Mr. Spitzer was once accused of telling a former chairman of Goldman Sachs, John Whitehead, “I will be coming after you,” after the executive published a letter that was critical of Mr. Spitzer’s tactics with Mr. Greenberg, who had been accused of misleading investors. Mr. Spitzer denied making threats, although through a spokesman he did admit to calling Mr. Whitehead after the critique was published.
When he went after Mr. Grasso over the size of his compensation package while he was the NYSE head, Mr. Spitzer allegedly had prosecutors grill Mr. Grasso about whether he had had an extramarital affair, a new book says.
In the book, “King of the Club,” by Charles Gasparino, the author writes about an interview in which investigators asked Mr.

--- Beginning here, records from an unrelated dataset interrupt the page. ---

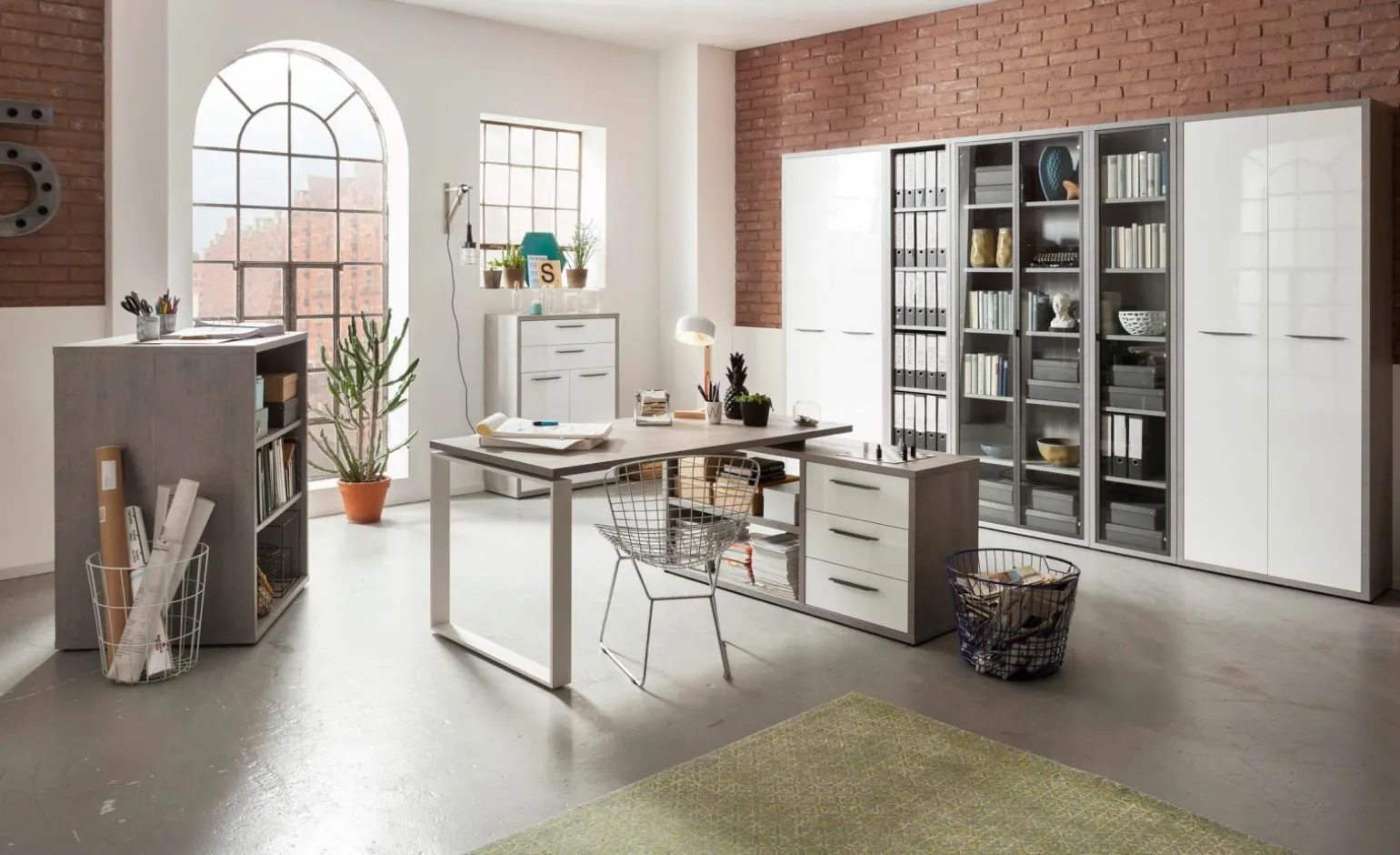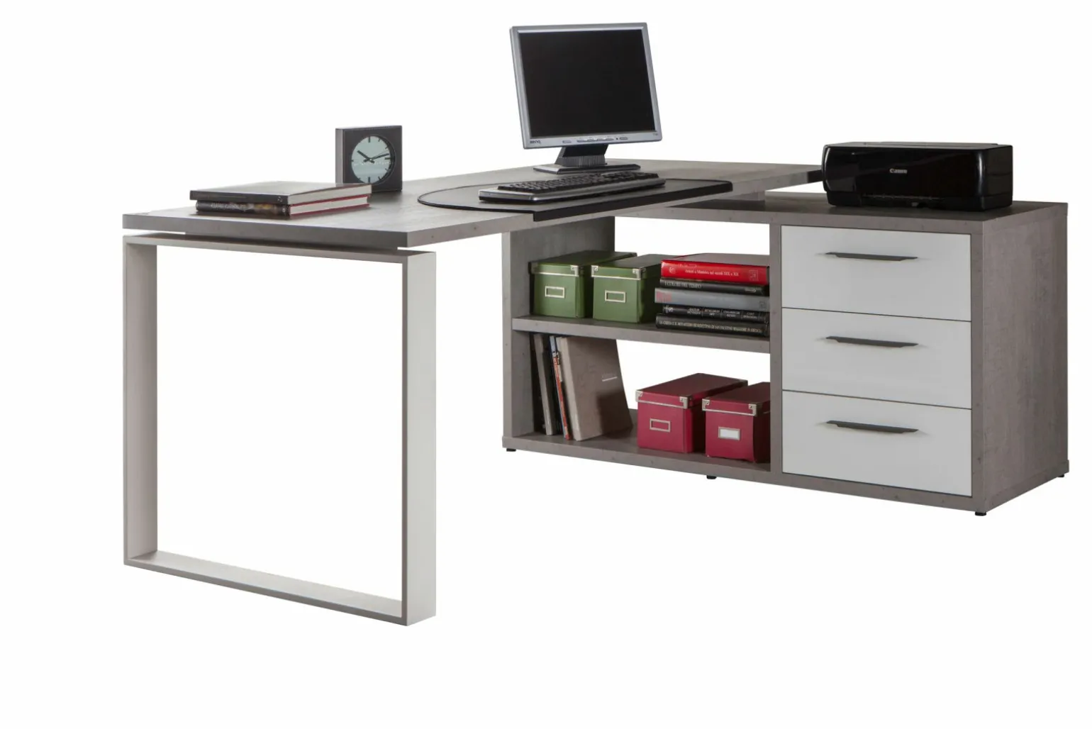 Eck-Schreibtisch grauweiß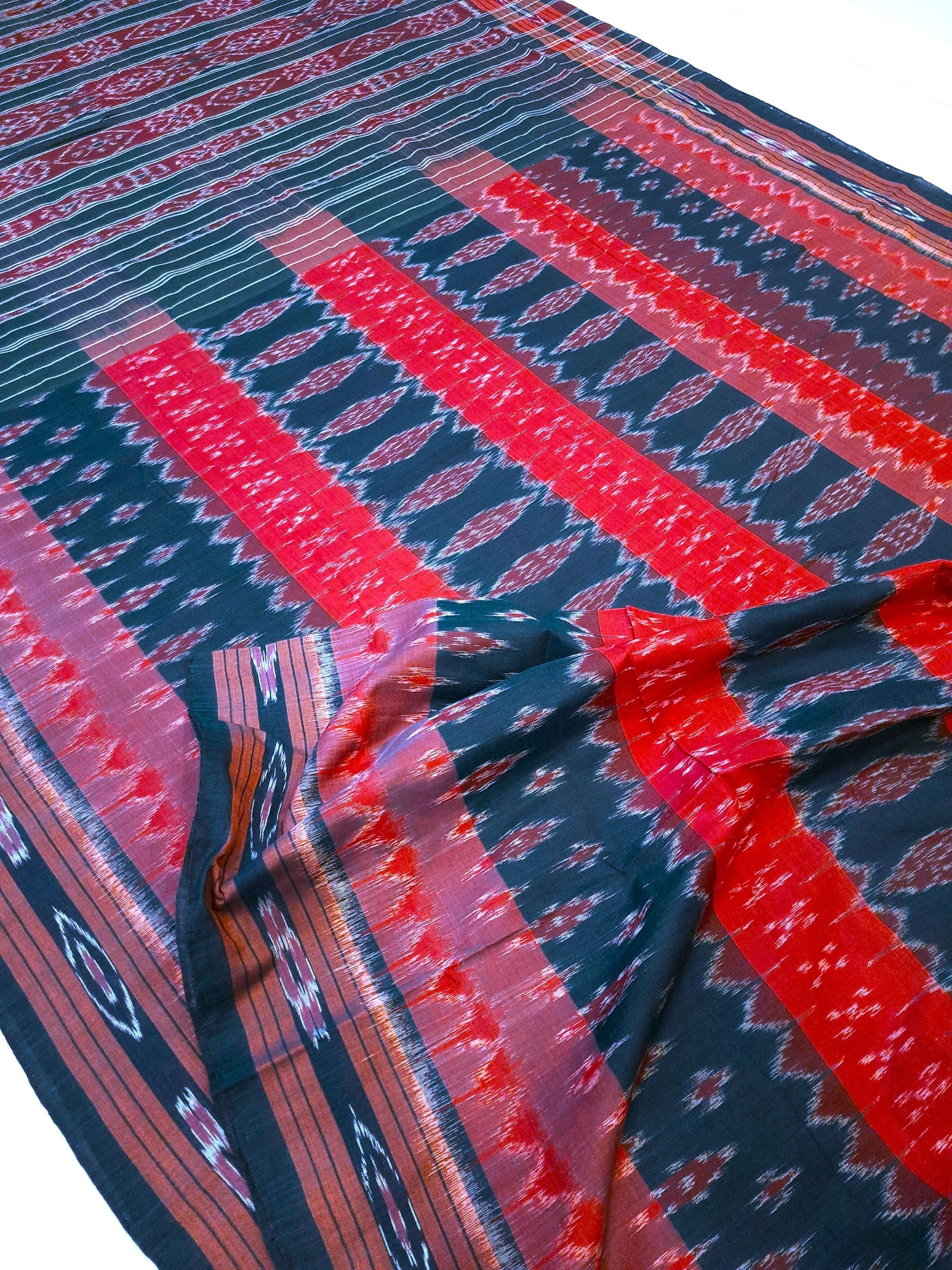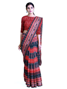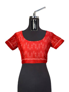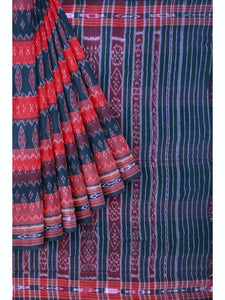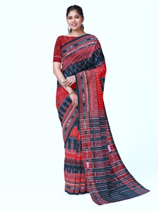 White with Red Cotton Odisha Ikat saree with mix match cotton ikat blouse piece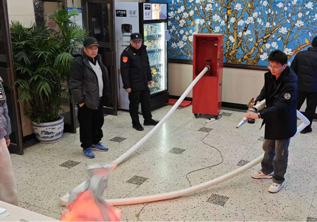 演练结束后,保卫处消防工作人员讲解灭火要点,现场演示如何规范使用灭火器和消防水枪并指导老师使用灭火器材对准火源进行灭火。在场的20余位老师踊跃参与,亲自体验灭火流程,掌握了消防器材的使用要领,提升了火灾处置能力。

Grasso if he had fathered an illegitimate child by “his best friend growing up.” Mr. Grasso is reported to have been incensed at the question, and to have said, “No.”
The case against Mr. Grasso was deemed unusual at the time, as government prosecutors previously had rarely monitored the size of executive salaries.
Now, Mr. Spitzer’s career is at risk of following the arc of the many rich and powerful men he took down.
“He actually believes he’s above the law,” a former NYSE director, Ken Langone, was quoted as saying in the Wall Street Journal yesterday.
While the news prompted a round of applause on the floor of the New York Stock Exchange yesterday afternoon, according to a report by CNBC, most of Mr. Spitzer’s former targets seemed unwilling to comment on the allegations now facing their nemesis.
Mr. Greenberg declined a request for an interview, and Mr. Grasso did not return messages.